Ocean acidification adversely affects many marine species, including plankton, molluscs, oysters, and corals. As ocean acidity increases, the availability of calcium carbonate decreases. Calcium carbonate is a major building block for the shells and skeletons of many marine organisms. CO if atmospheric
With concentrations increasing at current rates, a combination of climate warming and ocean acidification could reduce coral reef growth by as much as 50% by 2050.
As atmospheric carbon dioxide (CO2) emissions dissolve in the oceans, the oceans become more acidic. This difference is measured on the pH scale, with lower values being more acidic. Ocean pH has decreased by approximately 0.1 pH units since pre-industrial times, which equates to approximately 30% more acidity. As shown in the chart and map above, ocean pH is projected to decrease further by the end of the century as CO2 concentrations are expected to increase in the future.Source: IPCC, 2013, Chapter 6 Click image to view larger version.

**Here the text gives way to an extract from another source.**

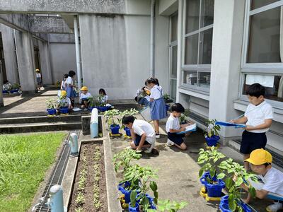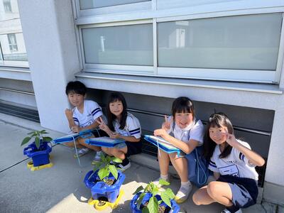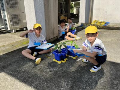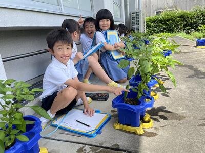 生活科の「ぐんぐんそだて、おいしいやさい」の学習の中で、自分の鉢でピーマンを、学級園でトマト、なす、おくらを育てています!

Green Jobs: How Will Climate Change Impact Employment Trends?
 USGCRP (2014) Melillo, Jerry M., Terese (TC) Richmond, and Gary W. Yohe, eds., 2014: Impacts of climate change in the United States: Third National Climate Assessment. US Global Change Research Program.
 IPCC (2013). Climate Change 2013: Physics Foundation Exit. Action Group I Contribution to the Fifth Assessment Report of the Intergovernmental Panel on Climate Change [Stocker, T.F., D. Qin, G.-K. Plattner, M. Tignor, S.K. Allen, J. Boschung, A. Knowles, Y. Zia, V. Becks and P.M. Midgley (ed.)]. Cambridge University Press, Cambridge, United Kingdom and New York, New York, USA.
 NRC (2011). Climate Stabilization Goals: Emissions, Concentrations, and Impacts in the Decades to the Millennium Exit. National Research Council. National Academy Press, Washington, DC, USA.